CRISIS ON THE KOREAN PENINSULA
How to Deal with a Nuclear North Korea

By Michael O'Hanlon and Mike Mochizuki
McGraw-Hill -- 230 pp -- $19.95

NORTH KOREA
Another Country

By Bruce Cumings
New Press -- 241 pp -- $24.95

North Korea is a charter member of George W. Bush's "evil empire," and it's easy to share the President's sentiments when he says: "I loathe Kim Jong Il." After all, Kim has presided over the starvation of perhaps 2 million of his own people, or about 10% of the population. He runs one of the most perverse states the world has ever seen, a place where tens of thousands of acrobats wow visitors with performances that would put the displays of the Third Reich to shame -- and then must walk home through a darkened city because there is no money for mass transit or electricity generation. Kim's nuclear program is a menace to the region and the world. Meanwhile, he has spurned China's offers of help with economic reform and remained cool toward diplomatic overtures from a series of increasingly friendly South Korean administrations.


As the U.S. is discovering in Iraq, however, it's not so easy to translate loathing into effective policy that enhances global security. Two new books help untangle the complexities of Korea. Crisis on the Korean Peninsula: How to Deal with a Nuclear North Korea, by Brookings Institution senior fellow Michael O'Hanlon and George Washington University foreign relations professor Mike Mochizuki, is an incisive and detailed consideration of what it will take to bring calm to the region. North Korea: Another Country, by University of Chicago historian Bruce Cumings, offers broader cultural insight into how the North Korean people and regime have survived in the face of unimaginable adversity. Both volumes convey a message that may displease some armchair warriors in Washington: We need to find a way to live with North Korea rather than make war on it.

Crisis on the Korean Peninsula provides a tough-minded, nuts-and-bolts plan for transforming the U.S.-North Korean relationship through a comprehensive set of negotiations. Under the authors' blueprint, North Korea would get the nonaggression pact with the U.S. it so badly wants. The U.S. (and the world) would get thorough inspections to ensure that North Korea is free of nuclear weapons. Pyongyang would stop exporting missiles. Finally, a pact would provide development aid, but only over time and as part of sweeping arms cuts in both parts of the peninsula.

The authors are looking at a much more ambitious deal than the narrow 1994 agreement that the Clinton Administration hoped would cap North Korea's nuclear program in exchange for aid. The book is indispensable reading, especially for North Korea hawks: Only by following its advice will the U.S. persuade China, Japan, and South Korea that it has gone the last mile in seeking peace -- and thus win regional support if a tougher stance should prove necessary.

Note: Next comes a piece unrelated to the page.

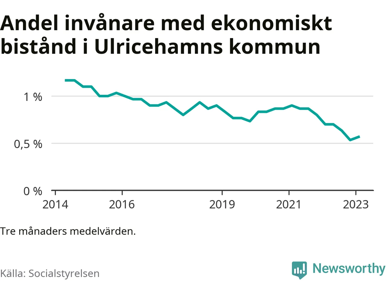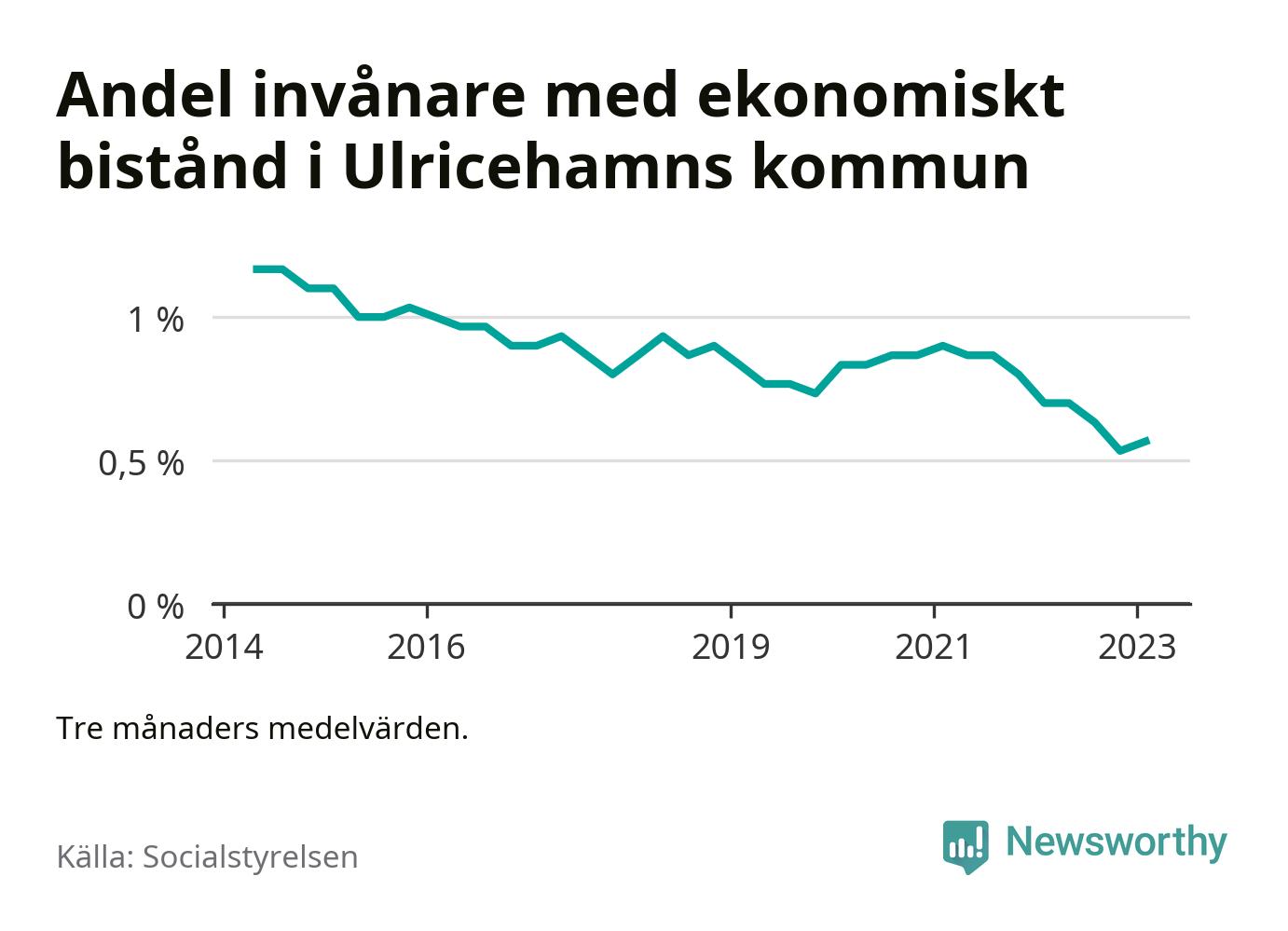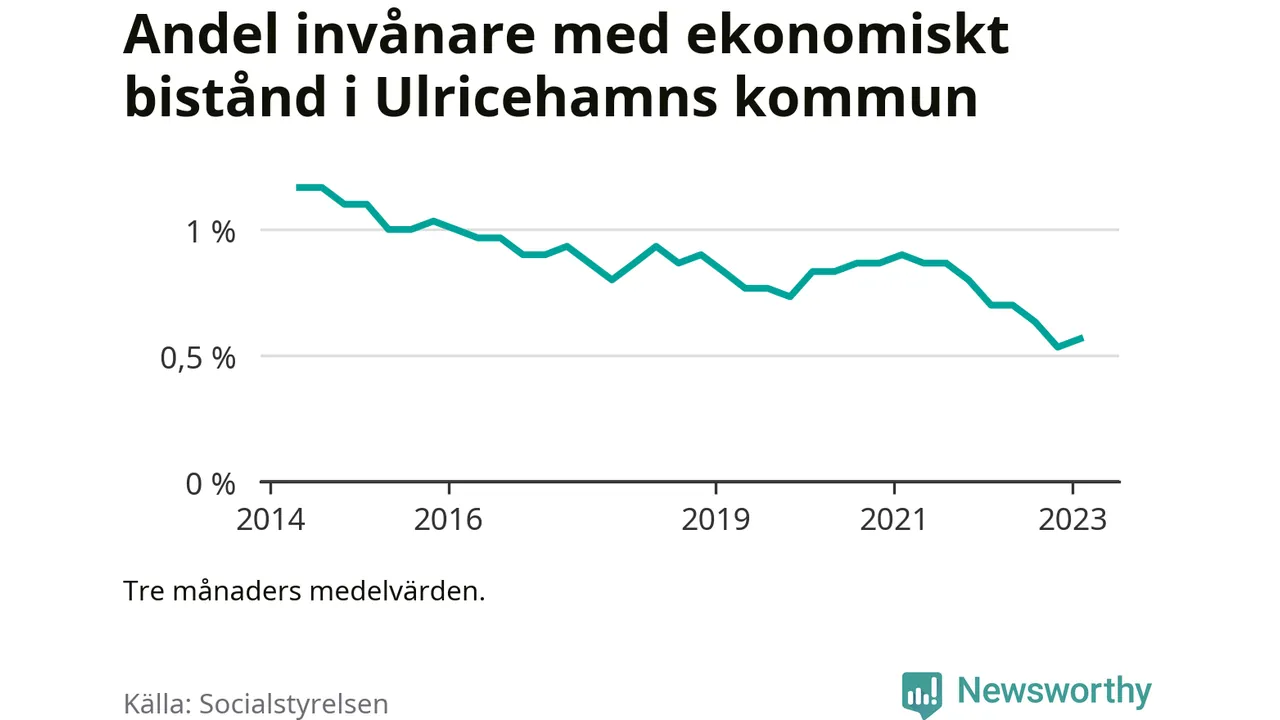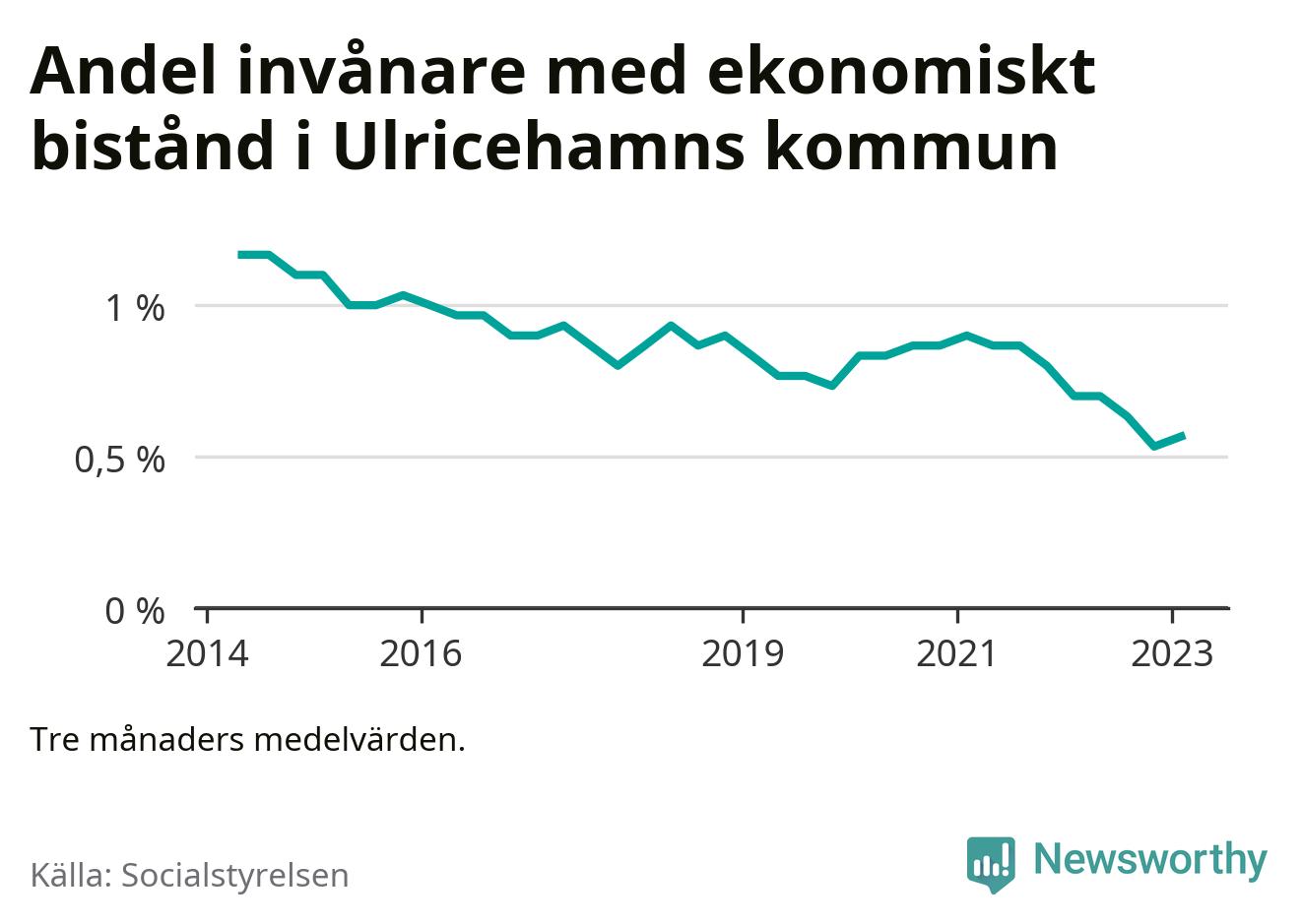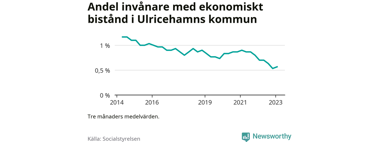 Andelen invånare med ekonomiskt bistånd i Ulricehamns kommun var lägre under de tre senaste månaderna, jämfört med motsvarande period året innan. Det visar den senaste, preliminära statistiken från Socialstyrelsen.

Many observers expected that North Korea would have collapsed by now. Bruce Cumings shows how it has endured. The author of Korea's Place in the Sun first traveled to South Korea in the 1960s, as a Peace Corps volunteer, and subsequently produced a series of books that empathize with the North. In this volume, he says that the Hermit Kingdom can be understood only in the context of a civil war that has never ended, an earlier guerrilla struggle against Japan, the collapse of its Soviet ally, and the half-century clash with the U.S. In what will be a revelation to many, he details the savagery of the 1950s U.S. war against North Korea, especially the air campaign. Napalm was used widely against civilians, and most major cities were obliterated. The U.S. repeatedly considered nuclear strikes. Huge dams were destroyed by U.S. bombers, killing masses of people and devastating agriculture. Cumings says 3 million North Koreans died. The experience is etched into the country's psyche.

Today, Cumings shows, the country is playing a weak hand with skill. Unfortunately, the author's polemical asides undermine an effort that deserves serious consideration. Moreover, as he strains to offer glowing descriptions of Pyongyang and to justify North Korea's actions, Cumings' analytical skills sometimes slip. But these failings shouldn't obscure the larger message: War isn't just a bad alternative to the current situation -- it is unnecessary.

Read Cumings for his understanding of the Korean mentality. Read O'Hanlon and Mochizuki for clues about how to structure an agreement. But examine at least one of these books for fresh insights into a troubled peninsula.